Posted: April 1, 2010 by sillycat07 in IDOC

The Peoria Journal Star is right. Tony Smith took his own life after multiple attempts. IDOC was forewarned that he was suicidal and yet he was able to commit suicide using exactly the same method as before. How screwed up is IDOC for this to be able to happen? Is it staffing shortages, or just indifference to inmate welfare? And, yes, IDOC’s propensity towards stonewalling and secrecy apparently isn’t changing despite Quinn-speak. IDOC just had a security review as a result of the two recent incidents at two prisons involving inmate violence. They investigated those situations fairly extensively. How extensively will they investigate inmate safety?

Posted Mar 21, 2010 @ 11:24 PM

How exactly was a convicted Marshall County killer able to commit suicide March 13, just two days into serving his life sentence in state prison?

More than a week after Tony Smith took his own life, investigators with the state Department of Corrections are still puzzling over that while avoiding most questions into the matter. The answers, though, are important, if not just for the family and friends of victim Judith Berchtold and Smith’s relatives – despicable as his brutal acts were in shooting his estranged girlfriend at point-blank range on a Marshall County highway last April – then for the reputation of the agency itself as part of a state government that has provided ample reason for doubt.

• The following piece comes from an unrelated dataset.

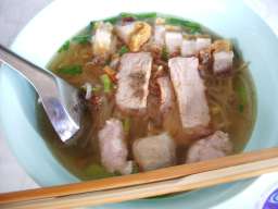 骨ごと豚肉が入ったおかゆ。豚肉は細かくほぐされている。パクチーとニンニク油の香りがかぶさる。唐辛...続きを読むRead More

We’d respectfully suggest that under the circumstances it shouldn’t take Columbo to get to the bottom of this case.

According to testimony at his trial just last month, Smith begged the first officer who responded to the scene to “just shoot me,” which the officer did when Smith wouldn’t put down his shotgun. He begged the EMT working to stabilize him to “just let me die.” As though that weren’t indication enough that he required watching, Smith had attempted suicide the day he was to be moved from the Marshall County Jail into state custody by trying to hang himself in his cell using a combination of a sheet and a pillowcase. Jailers keeping a close eye on him quickly thwarted his efforts, had him checked out at the hospital and moved him to prison. When they did so, Marshall County officials say – and the state confirms – the prison was notified that Smith was a danger to himself.

Officials at Stateville Correctional Center put him on what they term “crisis watch” in the hospital wing, where he was evaluated by a psychiatrist and clinical psychologist. They placed him in a single-occupant cell. Yet somewhere along the line he had the time and opportunity to kill himself using essentially the same methods he’d employed two days before.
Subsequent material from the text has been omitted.